* **Given information**

BEGIN

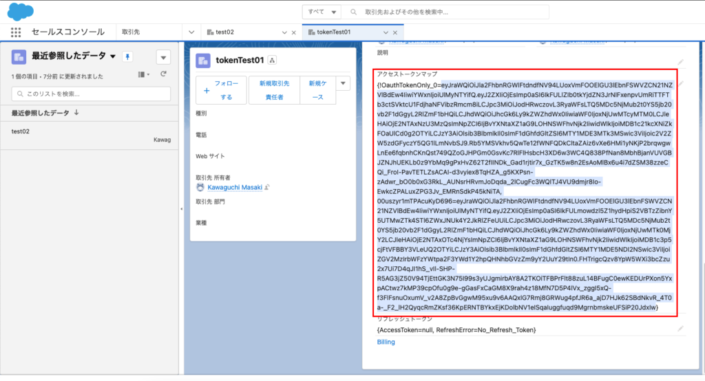 3.取引先詳細画面でアクセストークンを確認する
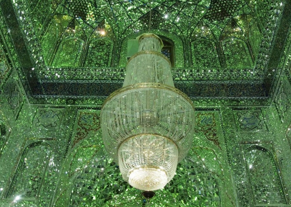 هذا هو مسجد شاه شيراغ، أي ملك الضوء، في مدينة شيراز الإيرانية. يبدو المسجد من الخارج عادياً جداً ومتواضعاً، حتى تدخل إليه فتبهرك الأضواء والرخام الأخضر والتلاعب بالنور والظل من خلال الزينة والزخارف وفتحات النوافذ.
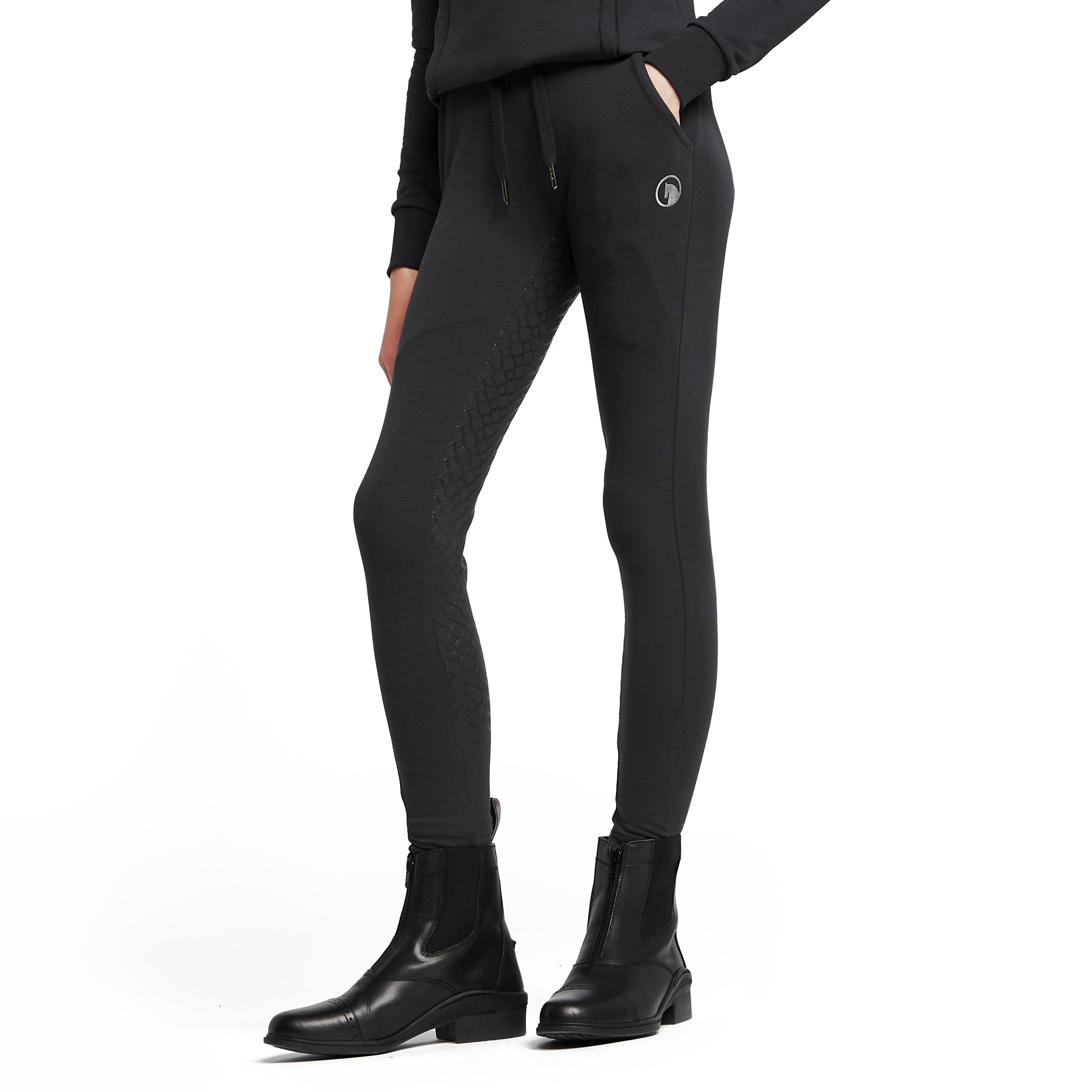 Horze Childs Organic Emmie Cotton Silicone Full Seat Riding Tights Dark Navy. The Horze Organic Emmie Cotton Silicone Full Seat Riding Tights are set to expand the Horze sustainable collection, it lets you ride in good conscience. The Emmie Full Seat Riding Tights are crafted from super soft organic cotton which is sure to keep you warm and comfortable when training. They feature big pockets which will fit your phone and keys, a high waist with ribbed waistband which can be adjusted with a draw string for the perfect fit, a silicone full seat to keep little riders safely in the saddle and a Horze logo at the hip. Pair the Emmie Riding Tight with the Horze Emmie organic cotton sweatshirt for a full matching look!

END

* **Problem**
Nothing but the lines from the top of the data above through the line containing "هذا هو مسجد" should be output, exactly as written and without the pictures.

* **Answer for the task**
 3.取引先詳細画面でアクセストークンを確認する
 هذا هو مسجد شاه شيراغ، أي ملك الضوء، في مدينة شيراز الإيرانية. يبدو المسجد من الخارج عادياً جداً ومتواضعاً، حتى تدخل إليه فتبهرك الأضواء والرخام الأخضر والتلاعب بالنور والظل من خلال الزينة والزخارف وفتحات النوافذ.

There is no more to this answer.